Pour les viandes, la problématique est identique, les règles établies par les différents systèmes de distributions étatiques, tels que la SGP Proda, incluant 290 points de vente à travers le territoire national, n’arrivent toujours pas à maintenir des prix plus ou moins abordables pour le consommateur. D’autre part, le manque cruel d’infrastructures, tels que les centres d’abattage destinés à encadrer cette distribution, a lourdement encouragé les spéculateurs à asseoir leurs business. En matière de viande blanche, produit de large consommation, les abattoirs avicoles publics ne prennent en charge que 20% de la production nationale.

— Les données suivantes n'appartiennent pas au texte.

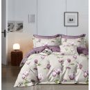 Комплектация: пододеяльник- с цветочным принтом(как на фото); простыня- цвет сиреневый; две наволочки (без "ушек")- в тон простыни.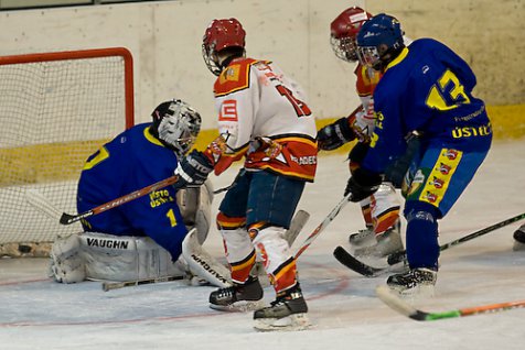 Ve třetí třetině se Ústečtí trochu osmělili a několikrát zahrozili před hradeckým brankářem Pavelkou. Ten měl starosti zejména s kapitánem hostů Martinem Žákem. Nakonec si však střelce Lvů pohlídal a ve svém prvním extraligovém zápase vychytal nulu. Ve 42. minutě zakončoval akci dva na jednoho Ondřej Vlček. Výhru Východočechů pak pečetil svým druhým gólem v zápase Jakub Novák, když potrestal chybnou rozehrávku jednoho z ústeckých beků.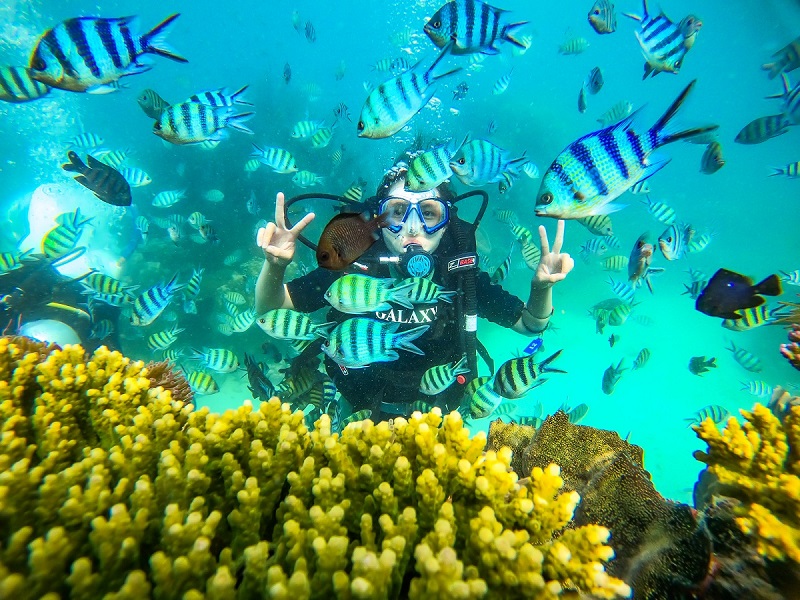 Nếu chọn lặn bình khí (scuba diving) hoặc đi bộ dưới đáy biển, bạn sẽ được huấn luyện ngắn trước khi xuống nước và luôn có người kèm. Các tour chuyên nghiệp đều ưu tiên an toàn nên bạn không cần quá lo lắng.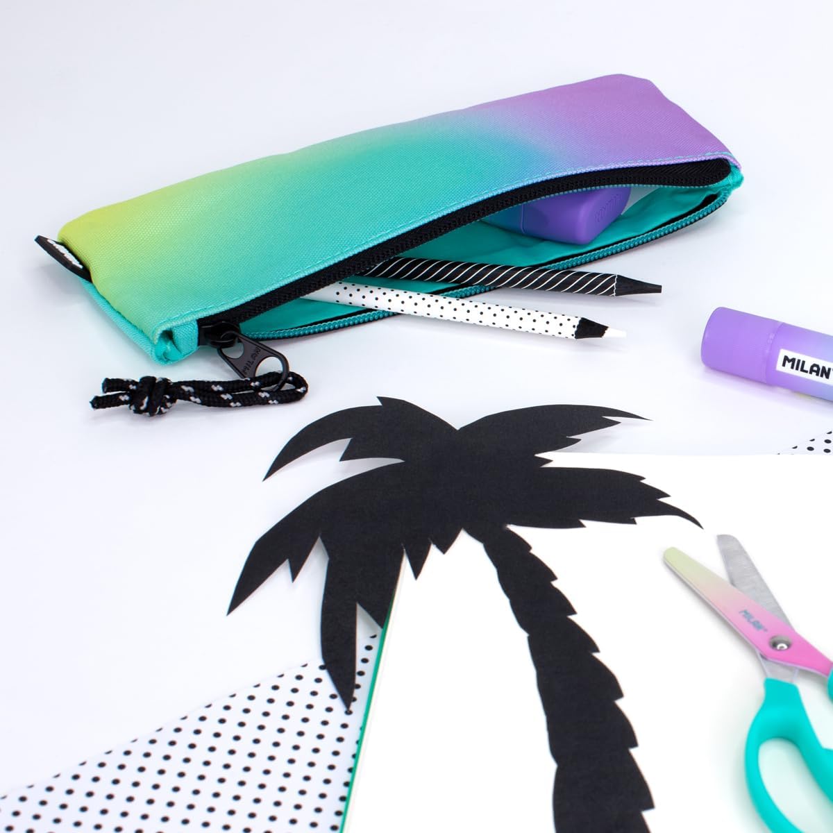 Astuccio piccolo piatto. Serie Sunset, colore verde. Una combinazione di colori sfumati ispirati al tramonto, accompagnati da dettagli in bianco e nero. Maniglie delle cerniere con corda. Tessuto esterno 'ripstop': leggero e resistente a strappi e strappi. Utilizza una tecnica speciale che intreccia fili di rinforzo spessi a intervalli regolari in un motivo incrociato. Composizione tessuto: esterno e fodera interna in poliestere. Dimensioni: 23 x 9 x 1,5 cm.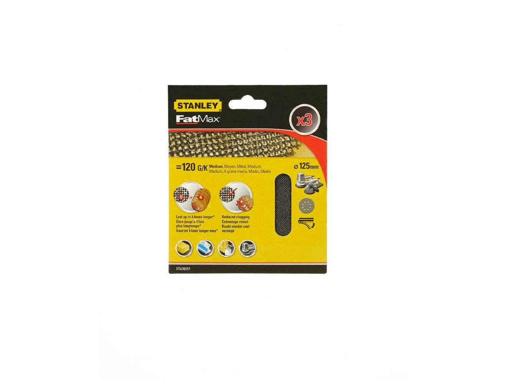 Mriežka brúsna na excent.brúsku, pr.125mm P120, suchý zips, 3ks FATMAX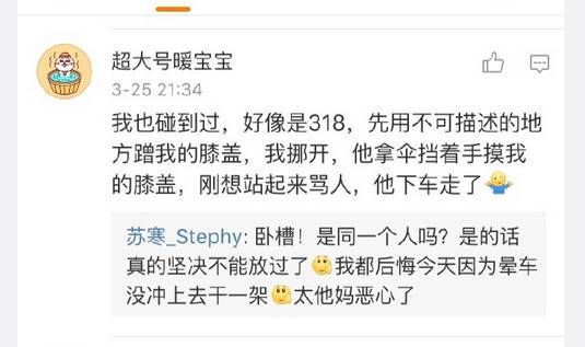 海都记者还在李同学微博曝光的图片中看到,当时车内并不拥挤。评论中看到,有多名网友都表示在公交车上遇到过该男子,并遭到其骚扰。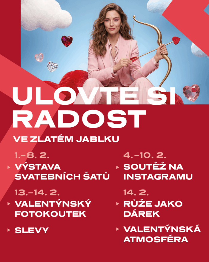 Prvních osm únorových dní zde bude k vidění výstava svatebních šatů, od 4. do 10. února pak proběhne soutěž na instagramovém profilu Zlatého jablka. Valentýnský fotokoutek pro zachycení zamilovaných okamžiků bude k dispozici v přízemí obchodního centra v pátek 13. a v sobotu 14. února. A v den svatého Valentýna potěší Zlaté jablko všechny návštěvnice růží, kterou dostanou jako malý dárek.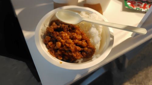 以前どっかの遠征で食った気がしますが、やはり王道のキムチ納豆だなと券売機で購入。

C’est dire la gravité des risques pour la santé humaine qu’implique la prolifération des abattoirs clandestins et ce en plus des dangers qui découlent des mauvaises conditions de stockage et congélation.
En tout état de cause, l’abandon de cette filière par les aviculteurs a entraîné une perte sensible sur la production et par conséquent une hausse des prix sans précédent. La flambée des prix prend toute sa mesure lorsqu’il s’agit de viandes rouges. A la veille du mois de Ramadhan, le consommateur assiste impuissant à une envolée des prix de la viande rouge qui passent du simple au double, du jour au lendemain.
Il est vrai que la demande spécifique du mois de Ramadhan requiert une stratégie et une gestion particulières, mais ni les importations massives qui accompagnent ce mois, ni les mesures et systèmes mis en place, n’ont pu réduire cette frénésie des prix et empêcher les forces de la spéculation d’avoir main basse sur ce marché. Ces dernières agissant dans la clandestinité sont alimentées par des complicités, peuvent aller jusqu’à provoquer des pénuries pour déjouer les différents mesures étatiques et sauvegarder leurs intérêts. Selon les experts, 60 à 80% des fruits et légumes écoulés sur le marché, passent par des mandataires informels.
Ceci étant, à moins de deux mois du Ramadhan, le calcul du budget de consommation alimentaire de l’Algérien moyen, est devenu un réel casse-tête chinois, relevant de l’utopie. Pour un Snmg ne dépassant pas les 18.000 DA et un salaire moyen en Algérie, autour de 35.000 DA, le consommateur algérien est confronté à une mercuriale qui annonce des prix étourdissants, ainsi la pomme de terre est cédée entre 40 et 70 DA, l’oignon affichait ce matin 120 DA, la tomate oscille entre 100 et 120 DA. Alors que pour la viande rouge les prix arrivent à culminer à 1300 et 1500 DA, l’escalope de dinde atteint les 700 DA. En somme, il semble que ce phénomène est fortement enraciné sur le terrain. L’Algérie a pris l’habitude de s’installer dans la pénurie, quant au consommateur, il ne peut au demeurant, que prendre son mal en patience.